The US has held talks with Russia, and separately with Kyiv and European leaders, on different drafts of a plan for ending the war in Ukraine, but no deal has been reached despite Trump’s repeated promises to clinch one.
Putin, speaking at a Russian security council meeting late on Wednesday, said he would meet Witkoff and Trump’s son-in-law Kushner in Moscow to “continue dialogue on the Ukrainian settlement”, Trump’s “Board of Peace” idea and the possibility of using frozen Russian assets.
At stake is how to end the deadliest war in Europe since World War 2, the future of Ukraine, the extent to which European powers are sidelined and whether a peace deal brokered by the US will endure.

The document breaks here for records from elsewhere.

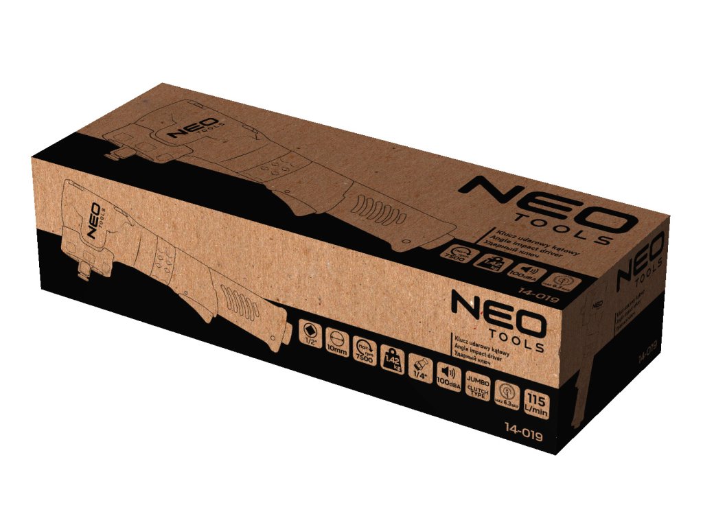 Uhlový rázový uťahovák, 1/2", 500 Nm 14-019 od spoločnosti NEO je nástroj, ktorý sa vyznačuje krútiacim momentom 500 Nm. Pracuje pri maximálnom pracovnom tlaku 6,3 bar s priemernou spotrebou vzduchu 113 l/min. Kľúč dosahuje rýchlosť 7500 otáčok za minútu. Jeho nízka hmotnosť 1,17 kg a praktický tvar prispievajú k jeho pohodliu. Odporúča sa na dielenské úlohy. Kvalita výrobku značky NEO je potvrdená certifikátom CE.
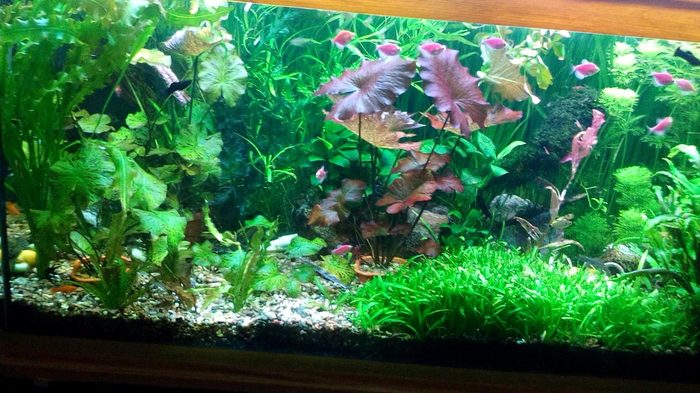 Общий слой грунта у передней стенки 6см, у задней 10см. Из растений планируются на старте мхи и элодея. А там посмотрим. Может вы посоветуете, что с таким грунтом приживется.
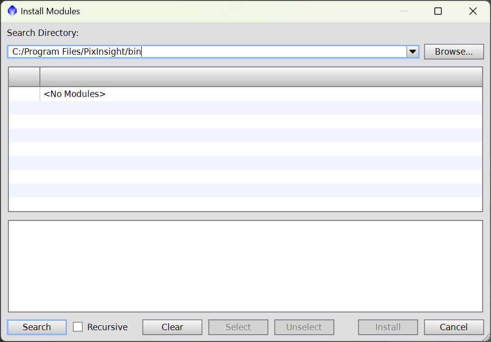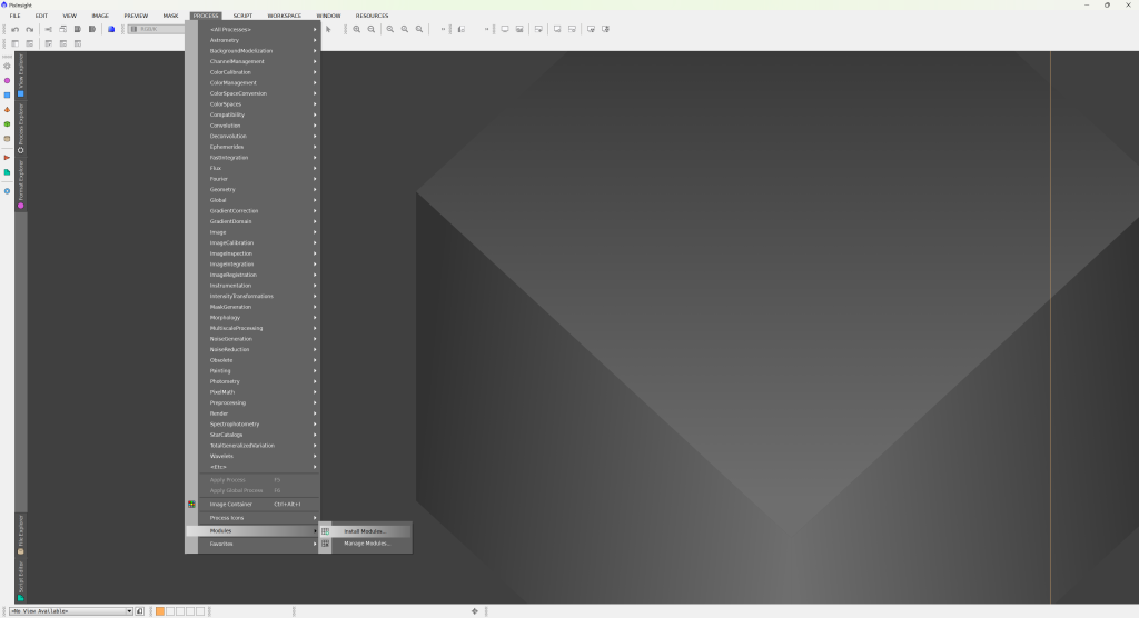 V PixInsightu otevřete Process → Modules → Install Modules.
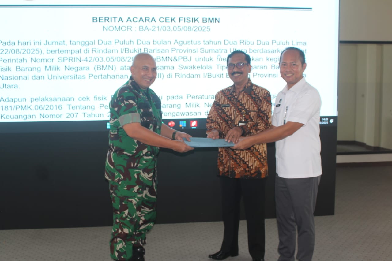 Pematangsiantar – Danrindam I/Bukit Barisan Kolonel Inf Abdul Razak Rangkuti, S.Sos., M.Han., M.Si., menerima Kunjungan Kerja Kepala Biro Pengelolaan Barang Milik Negara (BMN) dan Pengadaan Barang dan Jasa Badan Gizi Nasional RI Ranto, S.P., M.AP., beserta rombongan, bertempat di Lounge I Mako Rindam I/BB, Jumat (22/8/2025). Kunjungan tersebut dilaksanakan dalam rangka Kegiatan Cek Fisik Aset Barang Milik Negara (BMN), terkait Kerja Sama Swakelola Tipe II antara Badan Gizi Nasional dengan Universitas Pertahanan RI (SPPI Batch 3). Dalam kesempatan itu, Danrindam I/BB menyampaikan apresiasi atas sinergi yang terjalin antara institusi terkait, serta menegaskan komitmen Rindam I/BB dalam mendukung kelancaran program kerja sama yang berorientasi pada Optimalisasi Aset Negara dan Peningkatan Kualitas Pendidikan Pertahanan.
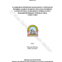 - Munculnya corona virus telah banyak menarik perhatian global, dan Pada 30 Januari WHO telah menyatakan COVID-19 sebagai darurat kesehatan masyarakat yang menjadi perhatian internasional. Penambahan jumlah kasus COVID-19 berlangsung cukup sangat cepat dan sudah terjadi penyebaran antar negara. Sampai dengan tanggal 25 Maret 2020, dilaporkan total kasus konfirmasi 414.179 dengan 18.440 kematian (CFR 4,4%) akhirnya Menteri Pendidikan Nadiem Anwar Makarim, menerbitkan Surat Edaran Nomor 4 Tahun 2020 pada Satuan Pendidikan dan Nomor 36962/MPK.A/HK/2020 tentang Pelaksanaan Pendidikan dalam Masa Darurat Coronavirus Disease (COVID-19) yang memberikan arahan bahwa kegiatan belajar mengajar oleh peserta didik dilakukan secara daring (online) dalam rangka pencegahan penyebaran virus corona. Pembelajaran online menghubungkan pembelajar (peserta didik) dengan sumber belajarnya (database, pakar/instruktur, perpustakaan) yang secara fisik terpisah atau bahkan berjauhan namun dapat saling berkomunikasi, berinteraksi atau berkolaborasi. Penellitian ini dimaksud bertujuan untuk mengetahui Gambaran Persepsi Mahasiswa Terhadap Pembelajaran Daring Selama Pandemi Covid Pada Mahasiswa STIkes Elisabeth Medan Tingkat Tiga Tahun 2022. Metode penelitian yang digunakan adalah deskriptif. Pengambilan sampel mengunakan teknik total sampling sebanyak 150 responden. Hasil penelitian ini menunjukan bahwa responden berada pada kategori persepsi mahasiswa terhadap pembelajaran daring baik 77 (51,3%), aspek pengalaman belajar 88 responden (58,7%), aspek kapabilitas dosen 103 responden (68,7%) dan aspek sarana dan prasarana 84 responden ( 56,0%). Berdasarkan hasil penelitian jumlah sampel 150 orang responden mengenai Gambaran Persepsi Mahasiswa Terhadap Pembelajaran Daring Selama pademi covid Pada Mahasiswa STIKes Santa Elisabeth Medan Tingkat Tiga tahun 2022 maka dapat disimpulkan Baik.
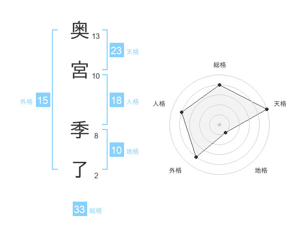 奥宮 季了さんの天格は23画の5点!

“I think I can say we’re reasonably close,” Trump said. “We have to get it stopped. I believe they’re at a point where they can come together and get a deal done.
“If they don’t, they’re stupid,” Trump said, referring to Putin and Ukrainian President Volodymyr Zelensky.
Last week Trump told Reuters Zelensky was the main impediment to reaching an agreement.
Russia invaded Ukraine in February 2022 after eight years of fighting in eastern Ukraine, triggering the biggest confrontation between Moscow and the West since the depths of the Cold War.
Ukraine and European leaders said Russia cannot be allowed to achieve its aims after what they cast as an imperial-style land grab. If Russia wins, European powers said, then it will one day attack Nato. Moscow said such claims are ridiculous and it has no intention of attacking a Nato member.
Russia said European leaders are intent on scuttling the peace talks by introducing conditions they know will be unacceptable to Russia, which took 12km² to 17km² of Ukrainian territory per day in 2025.
Putin, who has repeatedly said he is open to discussing peace, casts the war as a watershed moment in relations with the West, which he said humiliated Russia after the Soviet Union fell in 1991 by enlarging Nato and encroaching on what he considers Moscow’s sphere of influence.